Characteristics of wastewater from instant noodle factory and BG11 medium for Scenedesmus sp. cultivation were showed in Table 1. Nutrients concentration in MLSS was higher than effluent water due to the treatment processes. Growth curves of Scenedesmus sp. in various percentage of wastewater were shown in Fig. 2. The results indicated that both wastewaters without dilution provided the highest growth rate of Scenedesmus sp. Specific growth rate during the second day of algal cultivation with 100% MLSS and 100% effluent were 1.63±0.11 day−1 and 1.57±0.16 day−1, respectively. Both specific growth rates were significantly (p < 0.05) higher than BG11 medium (1.08±0.14 day−1). However, Scenedesmus sp. in treatments entered stationary phase after day 4 while algal cultured in BG11 was end up with higher cell density. Min et al. also demonstrated that high concentration of nutrients in wastewater can support the highest growth performance of the microalga Chlorella sp. [7]. Therefore wastewater from instant noodle factory without dilution was selected for further study.

3.2. Scenedesmus sp. Cultivation using Undiluted Wastewater

Fig. 3 illustrated that MLSS and effluent without dilution could be successfully used as the culture medium for Scenedesmus sp.. At the 4th day of the experiment, microalgae in all media reach the maximum biomass of 344.16±105.60 mg/L and 512.89±86.93 mg/L for MLSS and effluent, respectively. The data obtained in this experiment was slightly higher than previous report which was 356±15.4 mg/L of Scenedesmus sp.

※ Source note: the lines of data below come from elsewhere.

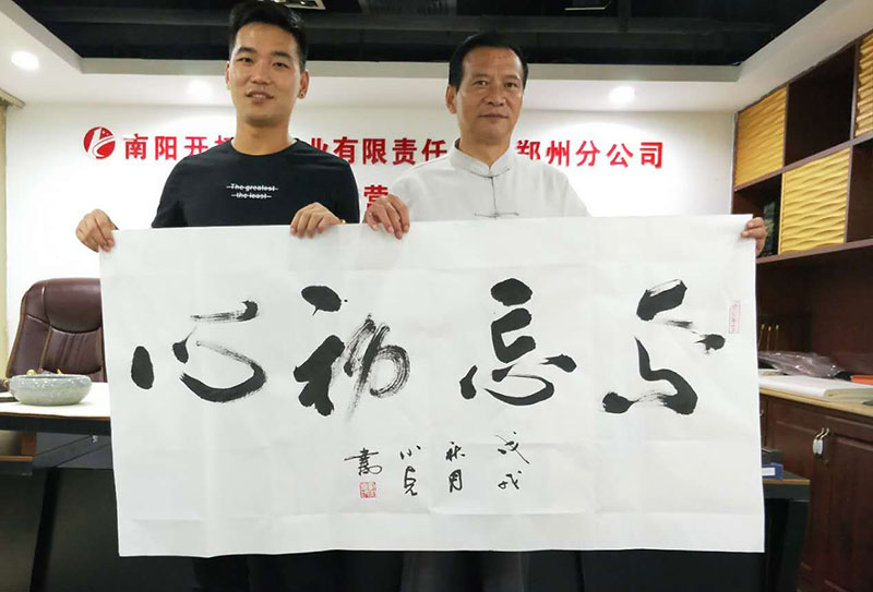 近日,中国将军书画院的名誉院长刘小克大师莅临开拓者易货(郑州运营中心),为公司题字并赠字。
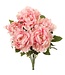 This luxurious Peony Bush features a large cluster of five open, layered blossoms and one bud, all surrounded by rich, dark green foliage on branching stems. It is perfect for display in any home decor.
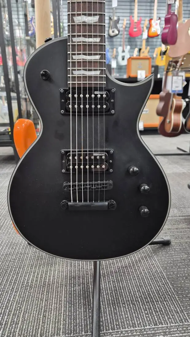 Extended range guitars don't have to cost an arm and a leg to be great. The LTD EC-257 (seven-string) and EC-258 (eight-string) guitars are affordable for just about any musician, and allow you to explore the depths of lower pitches for today's modern sounds. These guitars feature excellent ESP Designed pickups, comfortable mahogany bodies, three-piece mahogany necks, and roasted jatoba fingerboards with 22 extra-jumbo frets. The EC-257 offers a TOM bridge and tailpiece, while the EC-258 features a hardtail design. Both are available in Black Satin finish.
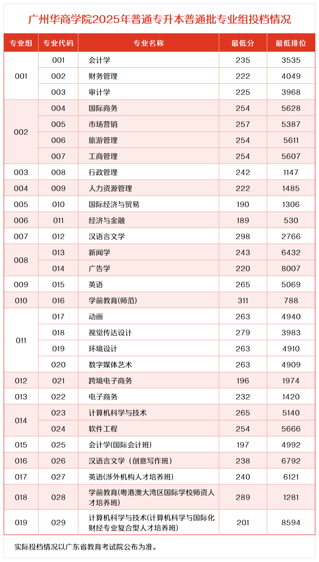 备注:最终录取结果请以广东省教育考试院公布为准。
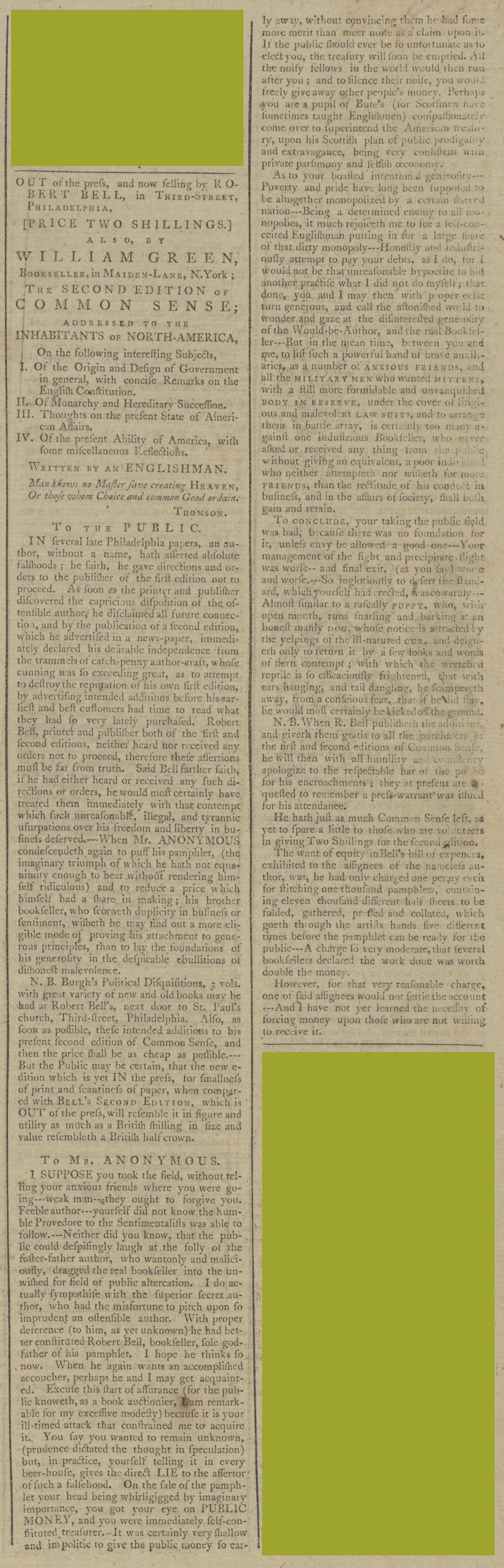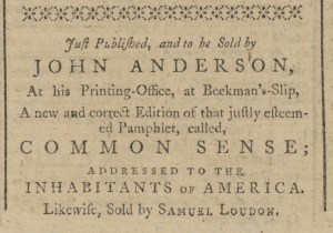 Colonizers certainly discussed Paine’s pamphlet … and printers, booksellers, and others advertised it widely. As a special feature, the Adverts 250 Project chronicles those advertisements, starting with newspaper notices for Robert Bell’s first edition published in Philadelphia and then subsequent advertisements for that and other editions published and sold throughout the colonies.
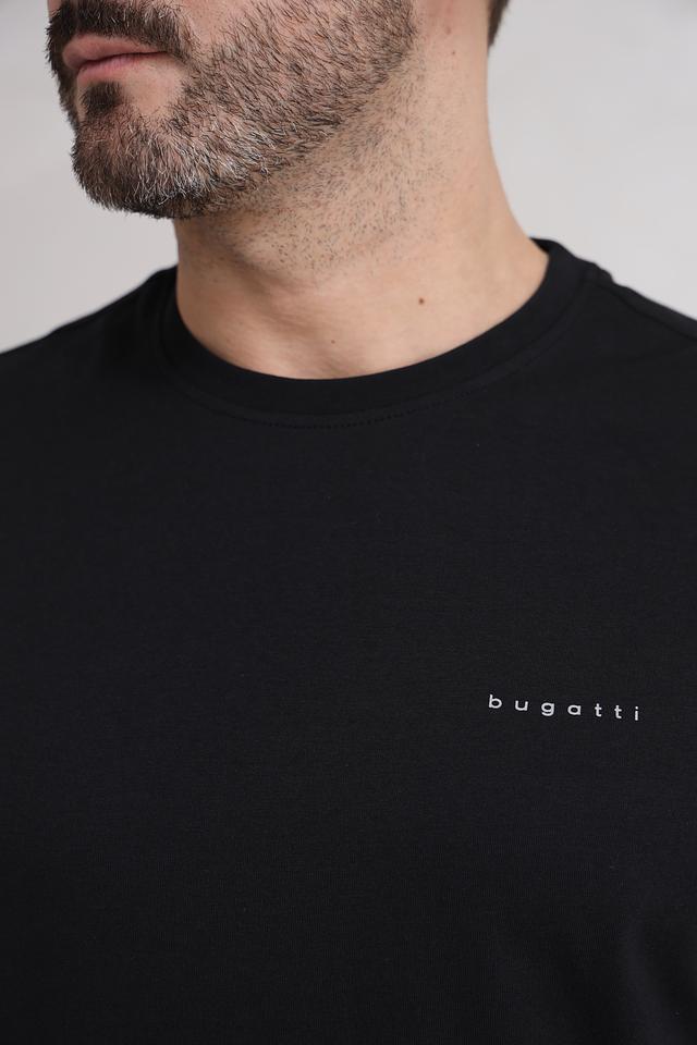 Футболка имеет прямой крой, круглый вырез горловины и короткие рукава. На груди расположен небольшой логотип бренда Bugatti, выполненный в тон изделия. Эта деталь придает футболке элегантный и сдержанный вид.
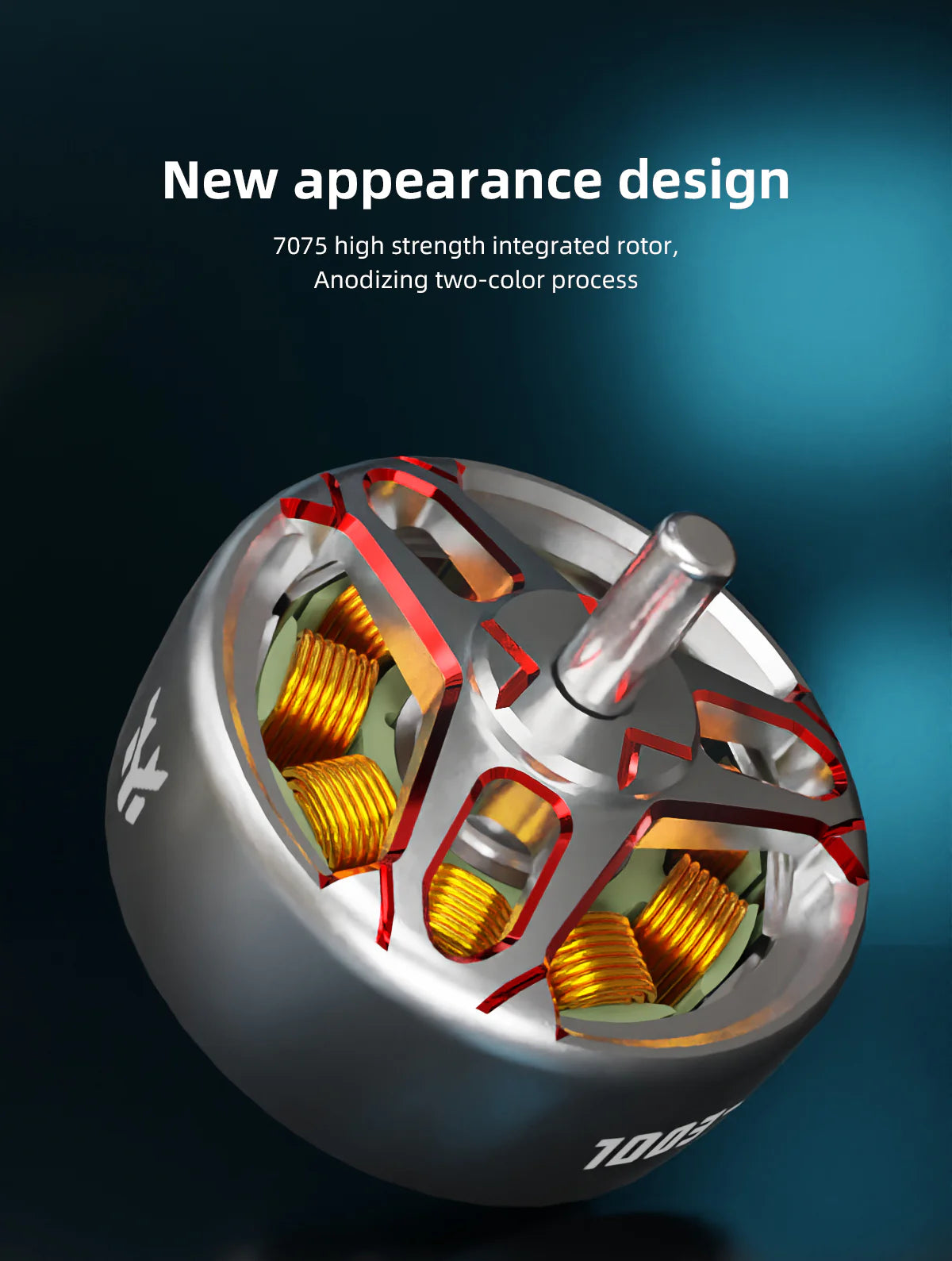 Whether you're weaving through tight spaces or pushing throttle punches, the SPECTER 1003 doesn't flinch. Featuring a 7075 aviation aluminum rotor, a low-loss stator, and custom N52H curved magnetic steel, this motor isn't just built; it's forged for performance. The 200° heat-resistant copper winding ensures stability in high-stress conditions, while optimized tuning provides smooth power delivery even during rapid throttle shifts.

AMDD cultivated in municipal wastewater [8]. Growth performance was described in Table 2. Since there was no significant (p < 0.05) difference on growth and biomass of all treatments and control, it could be stated that both wastewater types had a potential to be used as whole nutrients supplement for microalgal cultivation.
Concentrations of inorganic nutrients during algal cultivation were shown in Fig. 4. Total ammonia nitrogen was high in MLSS cultivation because of organic nitrogen breakdown (ammonification) which released ammonia into the medium. Park et al. reported that ammonium up to 100 ppm NH4–N did not inhibit growth of Scenedesmus sp. [9] so ammonia concentration in this experiment was within the safety range for the alga. Accumulation of nitrite in control culture was due to the lack of nitrite oxidizing bacteria and denitrification process could not occur in high oxygen condition in algal cultures. According to low level of phosphate in both wastewaters, at day 4 phosphates in MLSS and effluent almost depleted (Fig. 4(d)). Moreover, cultivation of Scenedesmus sp. had capable to reduce total COD by 71.85 % and 39.89% for MLSS and effluent respectively. On the other hand, reduction of soluble COD was 67.49% and 73.37% for MLSS and effluent respectively (Fig. 5). In general, reduction of COD in typical wastewater treatment is generally the results from bacterial decomposition. COD removal by natural bacteria in this experiment was expected because the wastewater was used without sterilization. However, as Scenedesmus sp. can be grown in mixotrophic mode using organic carbon, COD removal found in this study was probably due to both algal and bacterial activities.

4. Conclusions

Results from this study illustrated that wastewater from instant noodle factory can be used as a whole source of nutrients for the cultivation of microalga Scenedesmus sp. for biomass production and wastewater treatment. MLSS Wastewater without dilution containing 5,500 mg SS/L and 189 mg total-N/L can promote high growth rate of Scenedesmus sp. due to the high residual nutrients. Both MLSS and effluent exhibited similar capability to be used as culture media for microalgae. However, according to cost of wastewater treatment MLSS will be chosen for further investigation. This will lead to the future development of waste-water treatment using photobioreactor.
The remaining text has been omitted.